Quote the listing below in its entirety, omitting every image.

> [DATA SHOWN]
----
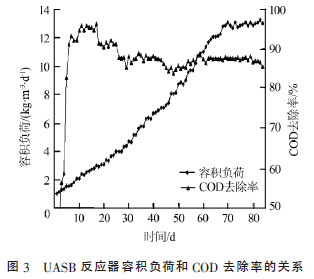UASB 反應(yīng)器容積負(fù)荷和COD 去除率的關(guān)系如圖3 所示。
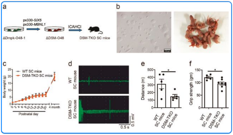研究人員首先通過半克隆技術(shù)結(jié)合 CRISPR/Cas9 基因編輯技術(shù),成功構(gòu)建了 Dmpk、Six5 和 Mbnl1 雜合突變的孤雄單倍體胚胎干細(xì)胞(AG-haESCs),并通過 ICAHCI 技術(shù)注入卵子進(jìn)而一步獲得 Dmpk、Six5 和 Mbnl1 三基因雜合突變的半克隆小鼠模型。全基因組測序分析結(jié)果顯示沒有脫靶效應(yīng),表型分析顯示該半克隆小鼠產(chǎn)生了肌無力、肌萎縮、嚴(yán)重運(yùn)動(dòng)障礙、呼吸和消化功能紊亂等典型的 DM1 表型,但沒有先天性 DM1(CDM)的表型,提示其他基因的劑量變化可能與此相關(guān)。
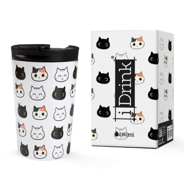 Η ανοξείδωτη κούπα iDrink Cat 350ml είναι η ιδανική πρόταση για όσους αγαπούν τις γάτες και το ιδιαίτερο design! Με χαριτωμένο σχέδιο γατούλας και ανθεκτική κατασκευή από ανοξείδωτο ατσάλι, διατηρεί το ρόφημά σου στη σωστή θερμοκρασία, ενώ παράλληλα εντυπωσιάζει με την εμφάνισή της. Η χωρητικότητα των 350ml είναι ιδανική για καφέ, τσάι ή ρόφημα της επιλογής σου, ενώ το διπλό τοίχωμα εξασφαλίζει μόνωση και άνετο κράτημα. Kρατάει το ρόφημα σας 6 ώρες ζεστό και 10 ώρες κρύο.
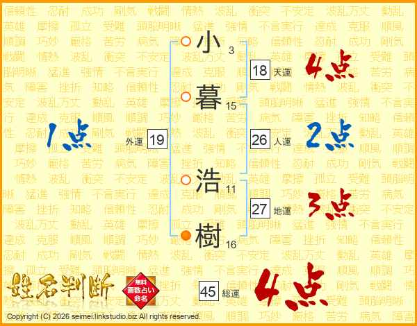 小(3画)暮(15画) 浩(11画)樹(16画)
----
> [EXERCISE SOLUTION]
UASB 反應(yīng)器容積負(fù)荷和COD 去除率的關(guān)系如圖3 所示。
研究人員首先通過半克隆技術(shù)結(jié)合 CRISPR/Cas9 基因編輯技術(shù),成功構(gòu)建了 Dmpk、Six5 和 Mbnl1 雜合突變的孤雄單倍體胚胎干細(xì)胞(AG-haESCs),并通過 ICAHCI 技術(shù)注入卵子進(jìn)而一步獲得 Dmpk、Six5 和 Mbnl1 三基因雜合突變的半克隆小鼠模型。全基因組測序分析結(jié)果顯示沒有脫靶效應(yīng),表型分析顯示該半克隆小鼠產(chǎn)生了肌無力、肌萎縮、嚴(yán)重運(yùn)動(dòng)障礙、呼吸和消化功能紊亂等典型的 DM1 表型,但沒有先天性 DM1(CDM)的表型,提示其他基因的劑量變化可能與此相關(guān)。
 Η ανοξείδωτη κούπα iDrink Cat 350ml είναι η ιδανική πρόταση για όσους αγαπούν τις γάτες και το ιδιαίτερο design! Με χαριτωμένο σχέδιο γατούλας και ανθεκτική κατασκευή από ανοξείδωτο ατσάλι, διατηρεί το ρόφημά σου στη σωστή θερμοκρασία, ενώ παράλληλα εντυπωσιάζει με την εμφάνισή της. Η χωρητικότητα των 350ml είναι ιδανική για καφέ, τσάι ή ρόφημα της επιλογής σου, ενώ το διπλό τοίχωμα εξασφαλίζει μόνωση και άνετο κράτημα. Kρατάει το ρόφημα σας 6 ώρες ζεστό και 10 ώρες κρύο.
 小(3画)暮(15画) 浩(11画)樹(16画)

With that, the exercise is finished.